The European Commission will propose on Wednesday deeper eurozone integration that would help unite the broader European Union rather than just the single currency area.
The Commission, the EU’s executive arm, will present a package of ideas aimed at making the 19 countries sharing the euro more resilient to potential future crises and united around the euro currency as Britain leaves the bloc in 2019.
But such plans have sparked concern in eight non-euro countries that deeper integration will make them second-class members of the EU, with less say and less in funds in the future.
To alleviate such fears, the Commission proposals will follow the principles of building EU unity and increasing the democratic accountability of eurozone institutions. But some of the ideas clash with what some eurozone leaders want.
French President Emmanuel Macron has called for creating a large eurozone budget of several hundred billion euros, a eurozone finance minister and a eurozone parliament.
The EU executive, however, is likely to propose creating only a dedicated line for the eurozone within the wider EU budget that, in total, is worth around 100 billion euros.
Instead of a eurozone finance minister, there should be a pan-European Minister of Economy and Finance, the Commission is likely to say. The European Parliament should be left undivided.
Other eurozone integration ideas, floated by Germany, include transforming the eurozone bailout fund into a European Monetary Fund and setting up a sovereign insolvency mechanism to raise market pressure on government fiscal policy.
But the Commission will call for the bailout fund, which is now owned and run by eurozone governments, to become an EU institution that would be subject to European Parliament’s control.
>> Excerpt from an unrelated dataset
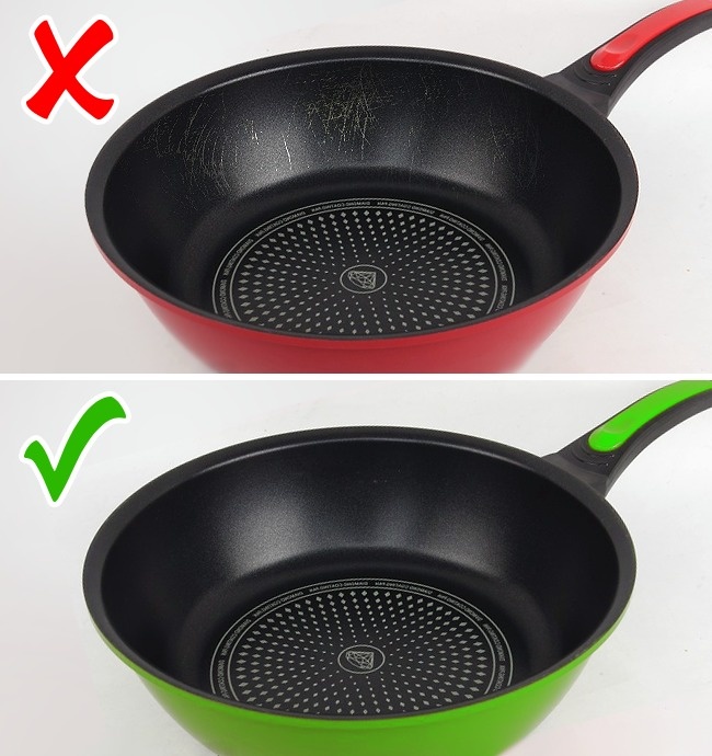 4. Dans les plats enrobés, vous pouvez cuisiner sans ajouter d'huile. Un avantage supplémentaire est un lavage facile sans utiliser de détergents abrasifs.

This will not fly with governments, officials said.
The Commission is also likely to say that the European finance minister, a post that would only be set up in 2025, should be in charge of overseeing structural reform efforts and coordinating economic and fiscal policy in the euro area.
Presiding over any kind of eurozone bailout fund, the EU finance minister should also be a senior member of the Commission and responsible before the European Parliament, the Commission is likely to propose.
Under the current arrangement, the chair of the eurozone finance ministers, the closest thing the bloc now has to a single finance minister, often testifies before the parliament’s economic committee, but it has no power over him or her.
There is no appetite among eurozone finance ministers now to allow the Commission, which is only an observer at their monthly meetings, to chair the talks.
The Commission is also likely to call for a swift completion of the EU’s banking union by setting up a Europe-wide bank deposit insurance scheme, something that Germany insists can only happen after the bad loans on banks’ books fall sharply.
The ideas will be discussed by all of the European Union’s leaders except Britain at a special euro summit on Dec. 15.